What's the Deal with Lucid and Mesh.js?
Lucid-Cardano
Lucid has existed for some time. This TypeScript module streamlines the process of creating Cardano transactions by automating tedious tasks, including fee calculation and transaction balancing. Initially created with Deno, it provides an appealing layer of abstraction over the unprocessed blockchain data.
Here's what you should know:
- Uses Rust-based serialization libraries (WASM under the hood)
- You need WebAssembly support
- Pretty simple API for basic transactions
- Not super actively maintained anymore (last npm update was like 9 months ago)
- Documentation is... fine, but sparse
Mesh.js
The newest kid that has truly grown up is Mesh.js. It is a complete TypeScript SDK that includes all the necessary components for Cardano development. Lots of documentation, an active community, and real maintenance.
What makes it different:
- Now runs on IOG's cardano-sdk—pure TypeScript, no WebAssembly nonsense.
- Comes with React components and hooks out of the box
- Documentation is actually good, with working examples you can copy-paste
- Regular updates and an active community
- Multiple wallet types are supported natively.
- A transaction builder that actually makes sense
Why the switch
1. Nobody's Home
Open source developers owe us nothing, I realize. However, you need to know that the tools you rely on are being maintained when you're developing production apps. Mesh.js has real funding from Project Catalyst and receives frequent upgrades. Lucid? Not as much now.
2. Developer Experience Matters
Mesh just feels better to work with. You get:
- React components that actually work.
- Docs with live examples (seriously, this is huge)
- No fighting with WebAssembly configurations
- TypeScript everywhere, properly typed
3. It's Actually Production-Ready
Here, we're not working on little projects. Mesh offers reliable solutions for the things we really need, such as wallet management, transactions, and NFT minting. It is designed for practical apps.

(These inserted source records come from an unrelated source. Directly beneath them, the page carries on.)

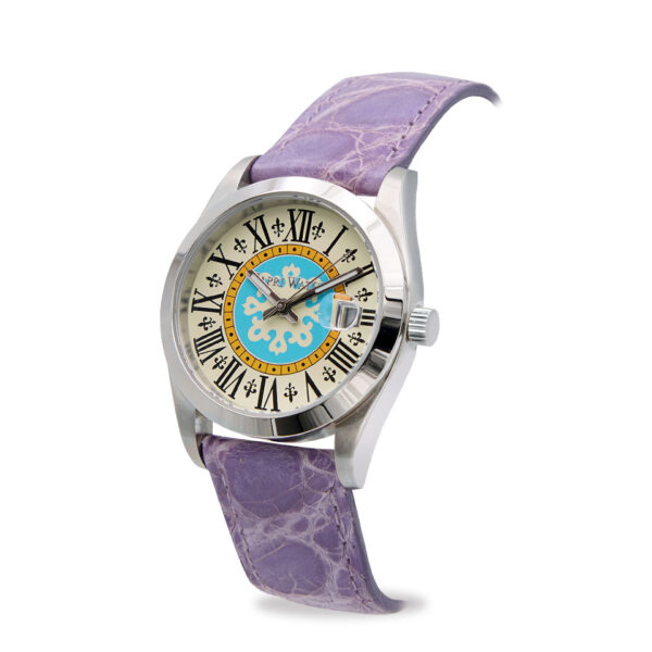 250,00 €Un accessorio che esprime personalità e fascino mediterraneo. Questo orologio Capri Watch si caratterizza per il suo cinturino viola in coccodrillo naturale, un dettaglio raffinato e contemporaneo che dona energia e stile a chi lo indossa, e per il quadrante esclusivo riprende i motivi decorativi dell’orologio della storica Piazzetta di Capri, trasformando un simbolo dell’isola in un segnatempo da portare al polso.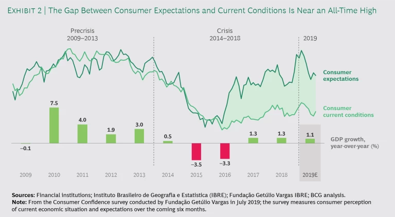 Since the beginning of 2017, however, the country’s economy has bottomed out and begun to recover—but only slightly. Brazil’s per-capita GDP remains roughly at 2012 levels, resulting in stagnated living standards (in sharp contrast with those of other developing economies). Furthermore, current projections indicate that the country’s GDP won’t return to prerecession levels for at least another four years—a far longer recovery period than most had anticipated. And although consumers’ current financial situations are unstable, there is a huge gap between consumers’ expectations and current consumer conditions. (See Exhibit 2.)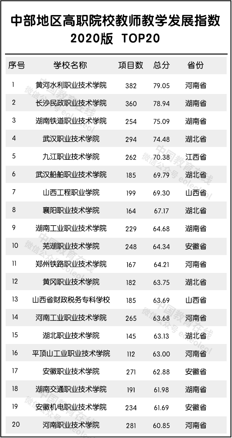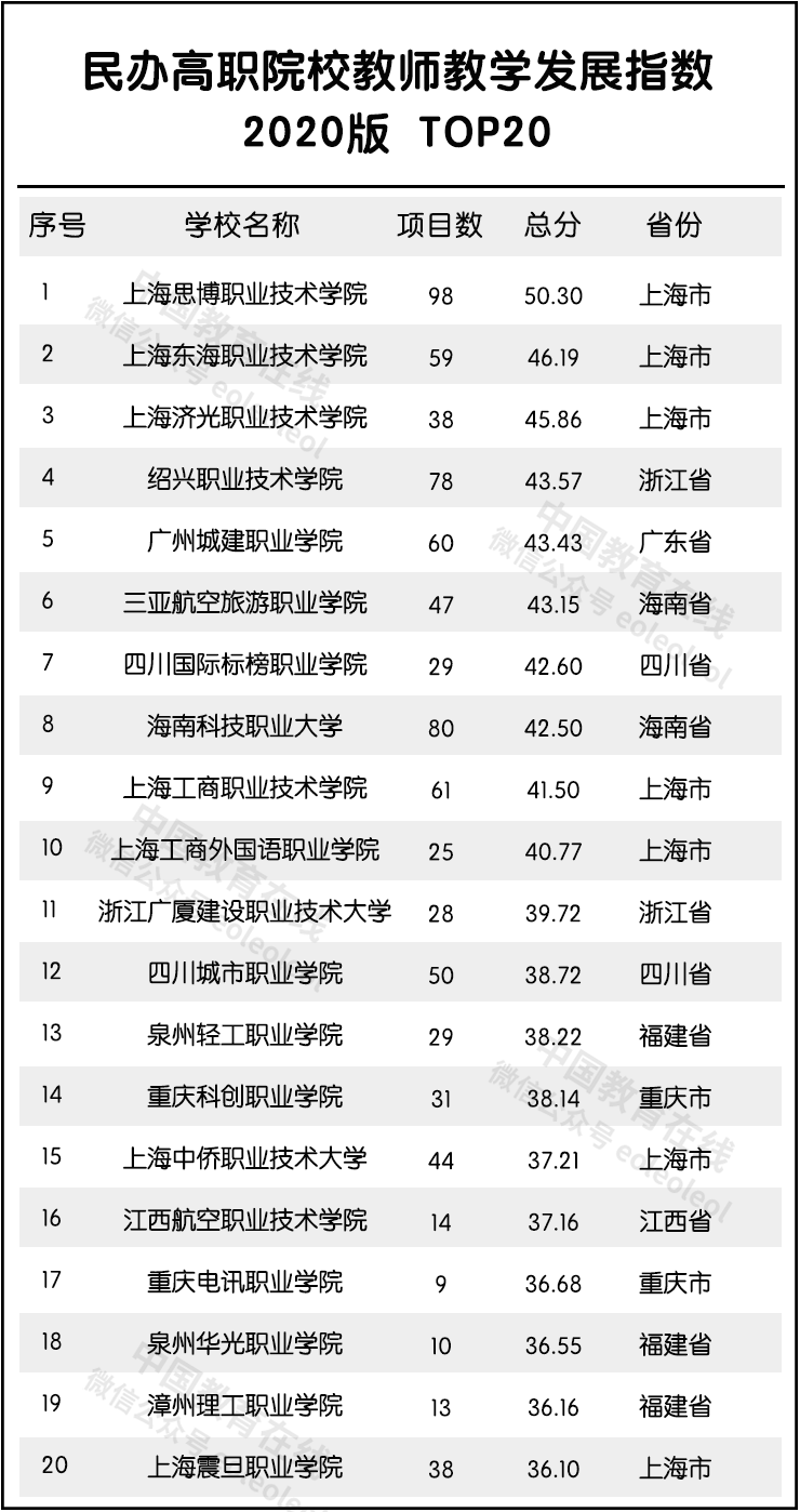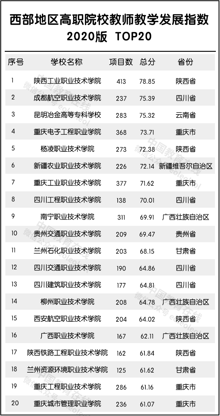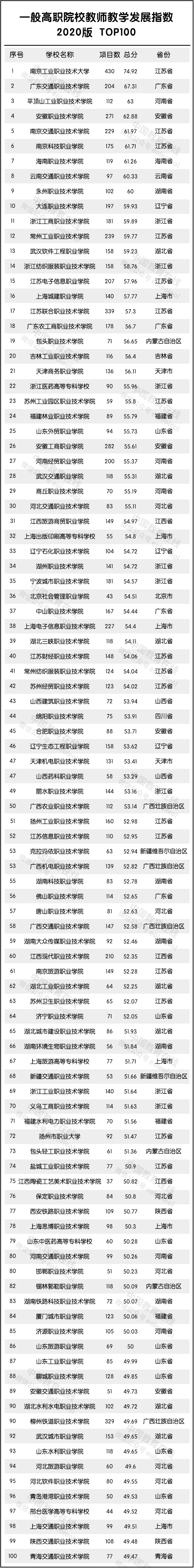 高职院校教师教学发展指数中,上榜高职院校达到1344所,占全国高职院校总数90.20%,比预发布时提高5.36个百分点,排名前三的为深圳职业技术学院、天津市职业大学和金华职业技术学院。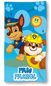 - Duży, kolorowy ręcznik dziecięcy na plażę lub basen z motywem pieska Chase i Rubble z bajki Psi Patrol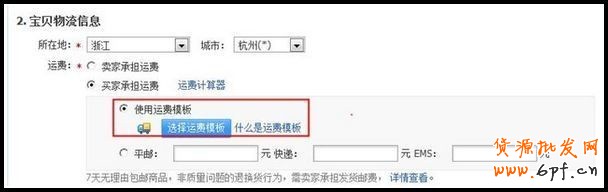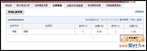 4) 回到商品編輯頁(yè)面-“寶貝物流信息”-“選擇運(yùn)費(fèi)模板”-“應(yīng)用模板”,模板設(shè)置完成。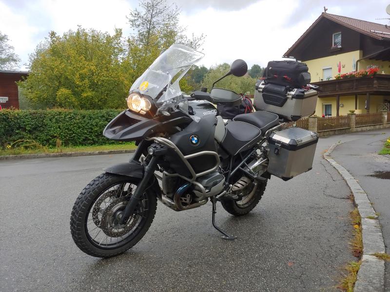 In Passau geht es bei leichtem Regen los. Bella - meine hübsche BMW - ist voll bepackt und geht auch bei Zweipersonen-Einstellung im ESA ein wenig in die Knie. Es geht sofort nach Österreich und nach einer knappen Stunde hört der Regen auf. Das trifft sich sehr gut, meine leichte Sommerkombi ist nicht wasserfest!

4. The API Just Makes Sense
The remaining part of Mesh follows a similar pattern once you have mastered one. Every procedure felt like a tiny puzzle when Lucid was involved.
The Code: Before and After
Example 1: Policy ID Generation
Before (Lucid):
@Post('policy-id')
public async policyId(@Req() request: Request) {
let lucid = await this.getConfigs(request);
lucid.selectWalletFromSeed(request?.body?.seed);
const mintingPolicy = await this.getPolicy(lucid);
const policy: PolicyId = lucid.utils.mintingPolicyToId(mintingPolicy);
return { policy };
}
protected async getPolicy(lucid: Lucid) {
const { paymentCredential } = lucid.utils.getAddressDetails(
await lucid.wallet.address(),
);
const mintingPolicy: MintingPolicy = lucid.utils.nativeScriptFromJson({
type: 'all',
scripts: [
{
type: 'before',
slot: lucid.utils.unixTimeToSlot(1761942369100),
},
{
type: 'sig',
keyHash: paymentCredential?.hash!,
},
],
});
return mintingPolicy;
}
After (Mesh.js):
@Post('policy-id')
public async policyId(@Req() request: Request) {
const wallet = await this.getWallet(request);
const nativeScript = await this.getNativeScript(wallet);
const policyId = resolveNativeScriptHash(nativeScript);
return { policy: policyId };
}
protected async getNativeScript(wallet) {
const usedAddress = await wallet.getUsedAddresses();
const address = usedAddress[0];
const { pubKeyHash: keyHash } = deserializeAddress(address);
const nativeScript: NativeScript = {
type: "all",
scripts: [
{
type: "sig",
keyHash: keyHash,
},
],
};
return nativeScript;
}
What changed:
- Way more straightforward with resolveNativeScriptHash
- Cleaner native script creation
- Less ceremony, more actual work getting done
Example 2: NFT Minting
Before (Lucid):
@Post('mint')
public async mintNft(@Req() request: Request) {
const nft = request.body.nft;
let lucid = await this.getConfigs(request);
lucid.selectWalletFromSeed(request?.body?.seed);
const mintingPolicy = await this.getPolicy(lucid);
const policyId: PolicyId = lucid.utils.mintingPolicyToId(mintingPolicy);
const unit: Unit = policyId + fromText(nft.key);
const tx = await lucid
.newTx()
.payToAddress(nft.owner, { lovelace: BigInt(2000000), [unit]: 1n })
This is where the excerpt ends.